START Records provided
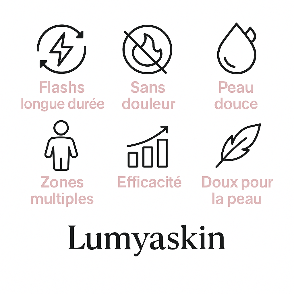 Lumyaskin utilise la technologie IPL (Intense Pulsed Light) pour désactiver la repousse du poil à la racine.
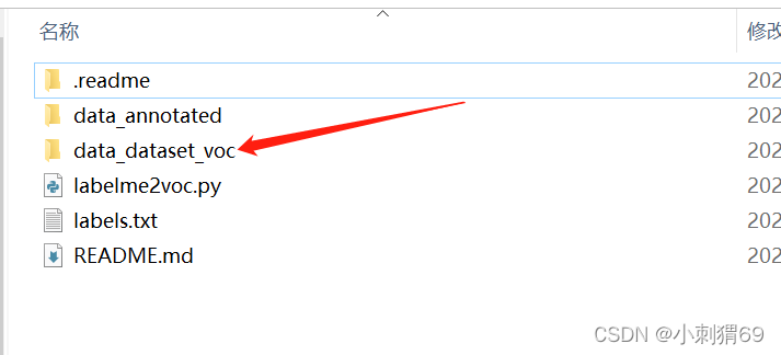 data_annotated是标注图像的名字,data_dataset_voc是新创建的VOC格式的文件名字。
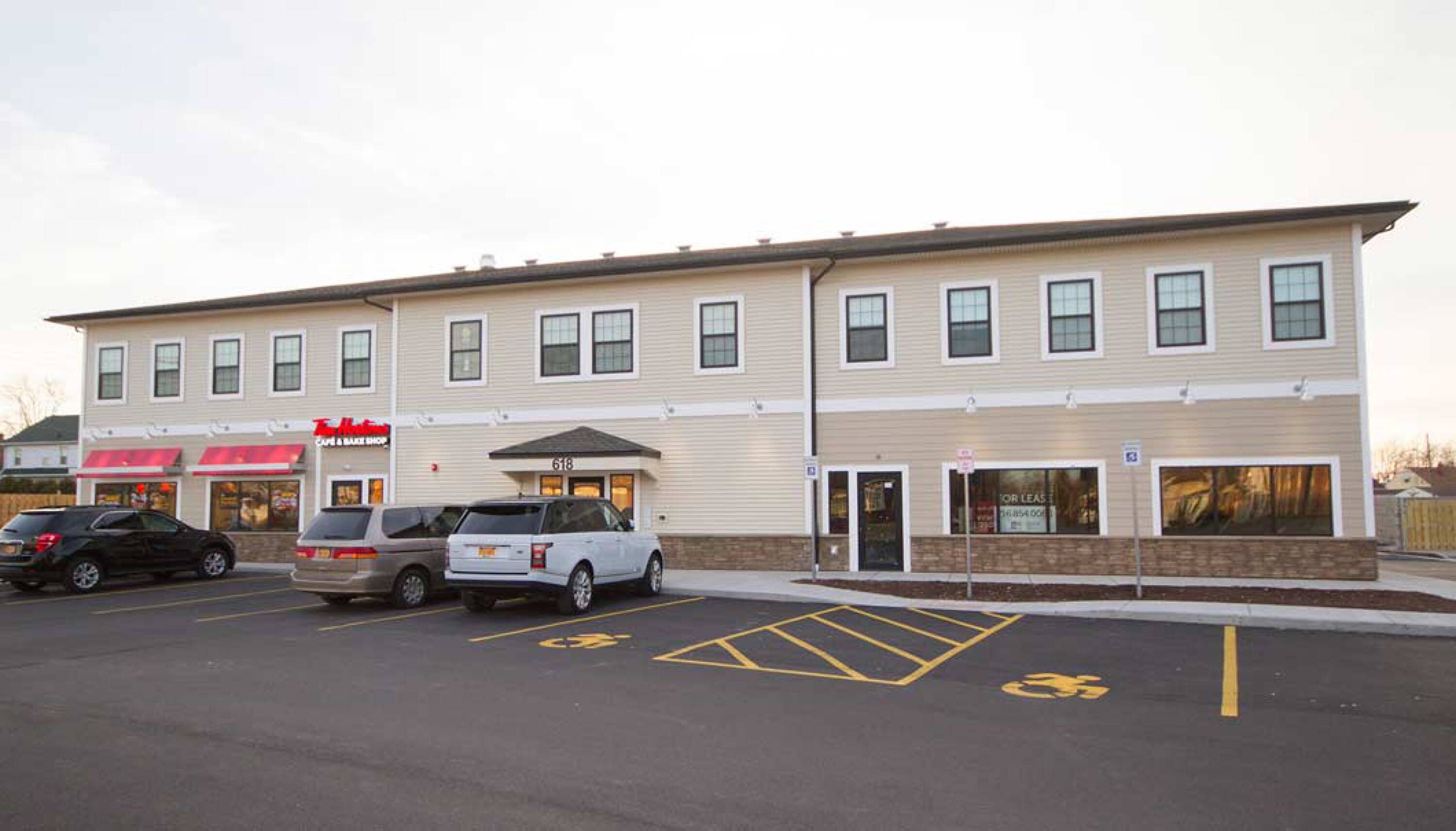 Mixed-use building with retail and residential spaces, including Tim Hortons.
END Records provided
START Records provided
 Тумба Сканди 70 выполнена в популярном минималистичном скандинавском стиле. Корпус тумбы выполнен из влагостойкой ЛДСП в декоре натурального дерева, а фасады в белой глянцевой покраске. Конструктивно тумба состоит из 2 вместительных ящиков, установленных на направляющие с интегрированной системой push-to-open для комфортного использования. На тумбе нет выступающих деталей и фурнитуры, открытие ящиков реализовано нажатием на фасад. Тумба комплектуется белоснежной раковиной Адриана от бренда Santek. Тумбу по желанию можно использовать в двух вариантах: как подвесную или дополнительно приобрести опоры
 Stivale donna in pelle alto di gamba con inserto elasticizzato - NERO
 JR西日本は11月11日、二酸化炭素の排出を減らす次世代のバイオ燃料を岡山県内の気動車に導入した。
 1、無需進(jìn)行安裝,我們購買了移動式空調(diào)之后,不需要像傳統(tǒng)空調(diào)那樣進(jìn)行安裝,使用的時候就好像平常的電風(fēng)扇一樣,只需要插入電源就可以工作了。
END Records provided
START Records provided
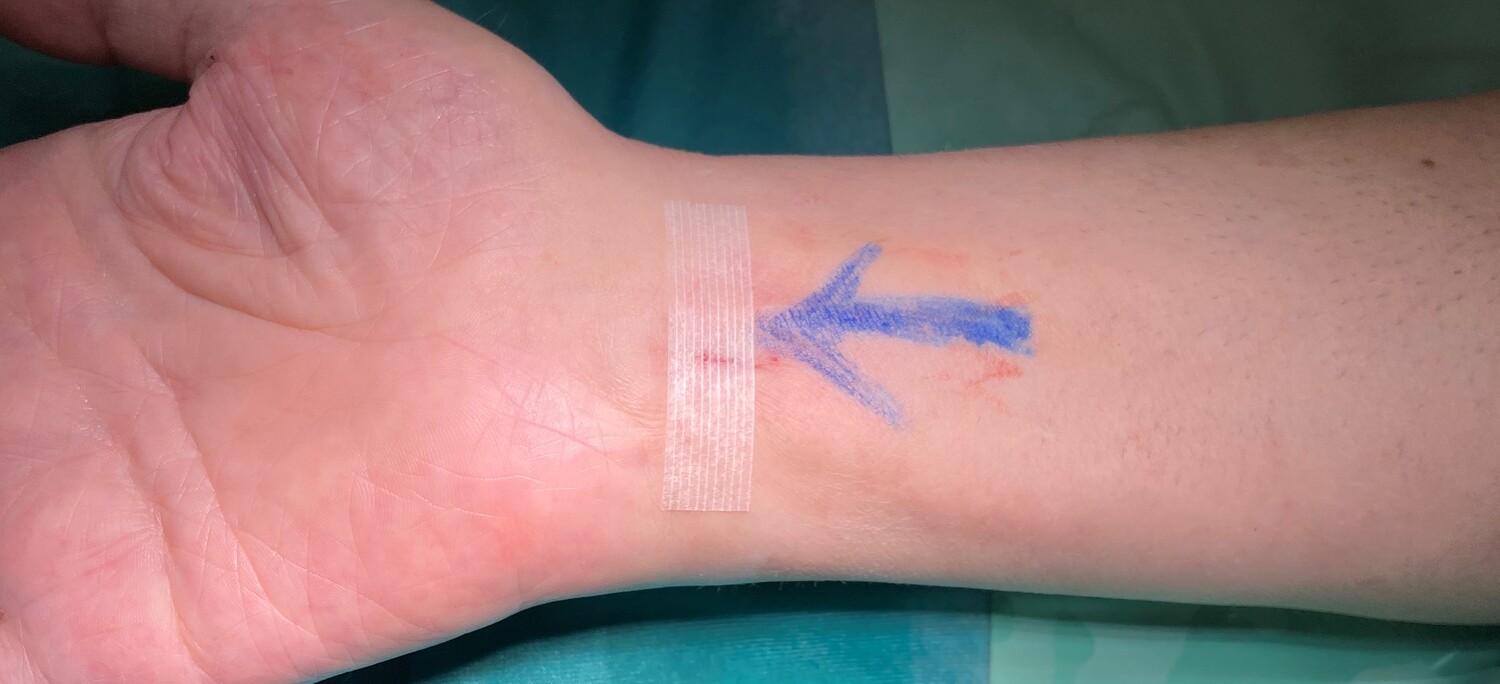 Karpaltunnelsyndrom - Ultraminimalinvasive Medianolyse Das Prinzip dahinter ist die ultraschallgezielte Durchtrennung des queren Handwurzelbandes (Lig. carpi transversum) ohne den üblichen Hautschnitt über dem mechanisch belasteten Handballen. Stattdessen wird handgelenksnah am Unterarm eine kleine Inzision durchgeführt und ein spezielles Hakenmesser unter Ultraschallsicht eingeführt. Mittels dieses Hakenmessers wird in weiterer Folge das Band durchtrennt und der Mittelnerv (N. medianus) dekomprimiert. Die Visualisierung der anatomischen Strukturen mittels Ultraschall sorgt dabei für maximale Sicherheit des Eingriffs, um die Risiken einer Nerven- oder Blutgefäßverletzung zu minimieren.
END Records provided
▶ _What you have to do_:
Exact copy, no pictures. Write out the lines in the entries above, starting with the line with "data_annotated" and going on through the line with "Mixed-use building with", keeping both.

▶ _Problem solution_:
 data_annotated是标注图像的名字,data_dataset_voc是新创建的VOC格式的文件名字。
 Mixed-use building with retail and residential spaces, including Tim Hortons.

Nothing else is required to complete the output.